The nature of the power and authority entrusted to the Director of Patents suggests that the
aforecited laws (Republic Act No. 166, in relation to Republic Act No. 165) should be construed
so as to give the aforesaid official the administrative flexibility necessary for the prompt and
expeditious discharge of his duties in the administration of said laws. As such officer, he is
required, among others, to determine the question of priority in patent interference proceedings,
decide applications for reinstatement of a lapsed patent, cancellations of patents under Republic
Act No. 165, inter partes proceedings such as oppositions, claims of interference, cancellation
cases under the Trade-mark Law and other matters in connection with the enforcement of the
aforesaid laws. It could hardly be expected, in view of the magnitude of his responsibility, to
require him to hear personally each and every case pending in his Office. This would leave him
little time to attend to his other duties. For him to do so and at the same time attend personally to
the discharge of every other duty or responsibility imposed upon his Office by law would not
further the development of orderly and responsible administration. The reduction of existing
delays in regulating agencies requires the elimination of needless work at top levels.

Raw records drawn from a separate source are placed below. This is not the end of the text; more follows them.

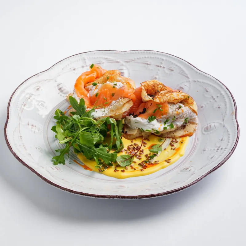 блины, крем чиз, слабосоленая лосось, голландский соус, руккола
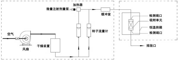動(dòng)態(tài)吸附實(shí)驗(yàn)在室溫(25℃)下進(jìn)行。實(shí)驗(yàn)裝置由氣體分配系統(tǒng)和吸附系統(tǒng)兩部分組成。吸附系統(tǒng)由恒溫箱和吸附單元組成。檢測(cè)口位于吸附系統(tǒng)之前和之后。動(dòng)態(tài)法測(cè)定活性炭對(duì)脈沖負(fù)荷緩沖性能的裝置如圖1所示。本實(shí)驗(yàn)以乙醇或二甲苯為單一檢測(cè)對(duì)象。氣體分配系統(tǒng)包括風(fēng)扇、干燥裝置、轉(zhuǎn)子流量計(jì)、微注射計(jì)量泵、加熱器和緩沖室。使用FT-IR傅里葉氣體分析儀作為測(cè)量設(shè)備。在氣體分配系統(tǒng)中,在短時(shí)間內(nèi)(2分鐘和5分鐘),微注射計(jì)量泵的注射量迅速增加到原始體積的預(yù)定倍數(shù)(10倍和20倍),以產(chǎn)生脈沖負(fù)載。在吸附系統(tǒng)中,吸附單元內(nèi)放置活性炭。吸附單元的直徑為31mm。活性炭的填充高度分別為2cm、4cm、6cm、8cm。將吸附裝置置于恒溫箱內(nèi)。吸附劑和吸附物的入口空氣保持在室溫。進(jìn)行了吸附劑在室溫下吸附吸附質(zhì)的脈沖加載實(shí)驗(yàn)。潔凈空氣通過(guò)干燥裝置后,利用轉(zhuǎn)子流量計(jì)將其按特定比例分成兩個(gè)通道。通過(guò)微注射泵將特定濃度的乙醇或二甲苯氣體注射到氣體中。另一種氣體用作稀釋氣體。兩種氣體流入緩沖室,完全混合后進(jìn)入恒溫箱。穩(wěn)定的氣體按照實(shí)驗(yàn)設(shè)定的濃度、流量和溫度進(jìn)入吸附單元。在通過(guò)吸附單元之前和之后測(cè)量乙醇或二甲苯的濃度。
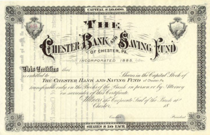 1880s Chester Bank And Saving Fund Of Chester, PA
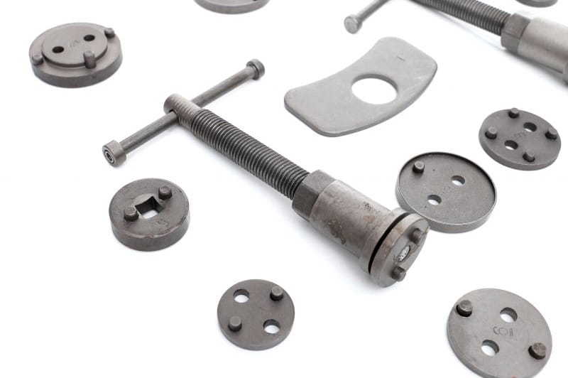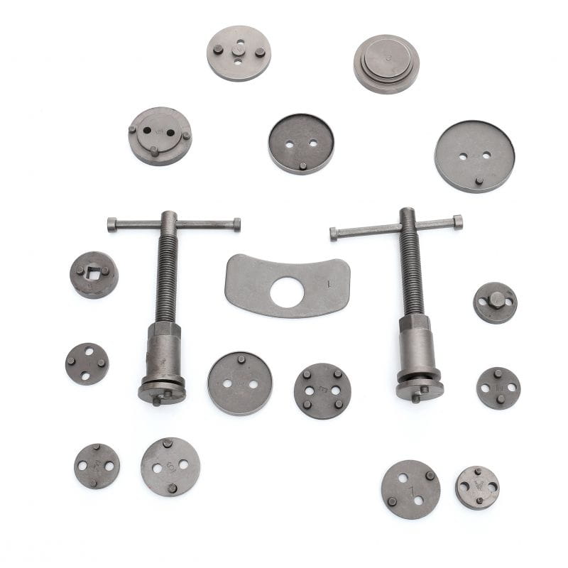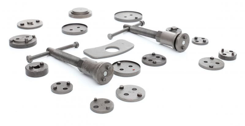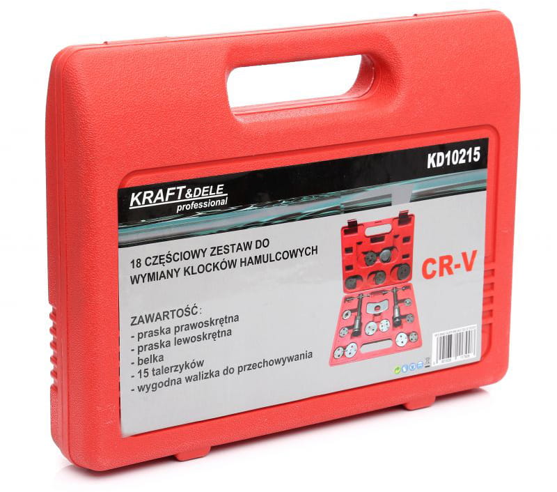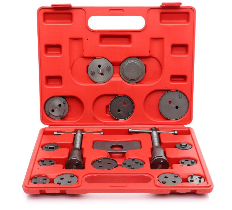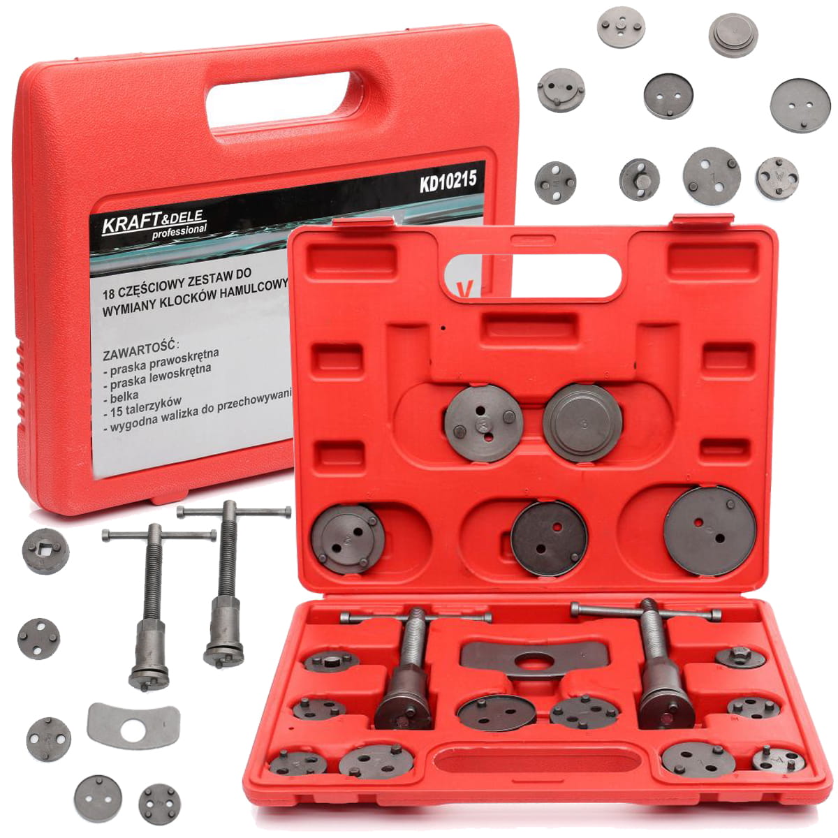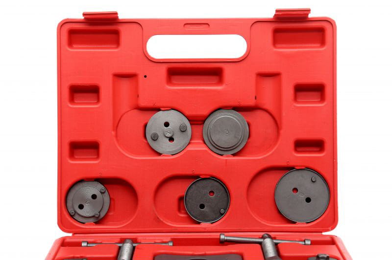 Bogaty zestaw do wyciskania tłoczków hamulcowych. Polecamy mechanikom w serwisach samochodowych oraz do przydomowych warsztatów. Przeznaczony do samochodów z układem hamulcowym tarczowym.
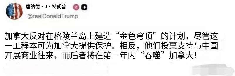 中国会在第一年内‘吞掉’加拿大! 特朗普又在威胁加拿大,因为加拿大选择了“与中国做生意”。而且,这种威胁说是中国将在一年之内吞并加拿大!详见图片。 在此之前,特朗普给加拿大总理卡尼发出消息,收回加拿大加入“和平委员会”的邀请函。 可以预见,这次威胁之后,特朗普还会对加拿大使出其他招数,毕竟此前他就说过,要让加拿大成为美国的第51个州。

Unnecessary and unimportant details often occupy far too much of the time and energy of the
heads of these agencies and prevent full and expeditious consideration of the more important
issues. The remedy is a far wider range of delegations to subordinate officers. This subdelegation
of power has been justified by “sound principles of organization” which demand that “those at
the top be able to concentrate their attention upon the larger and more important questions of
policy and practice, and their time be freed, so far as possible, from the consideration of the
smaller and far less important matters of detail. Thus, it is well-settled that while the power to decide
resides solely in the administrative agency vested by law, this does not preclude a delegation of the power
to hold a hearing on the basis of which the decision of the administrative agency will be made. The rule
that requires and administrative officer to exercise his own judgment and discretion does not preclude him
from utilizing, as a matter of practical administrative procedure, the aid of subordinates to investigate and
report to him the facts, on the basis of which the officer makes his decisions. It is sufficient that the
judgment and discretion finally exercised are those of the officer authorized by law.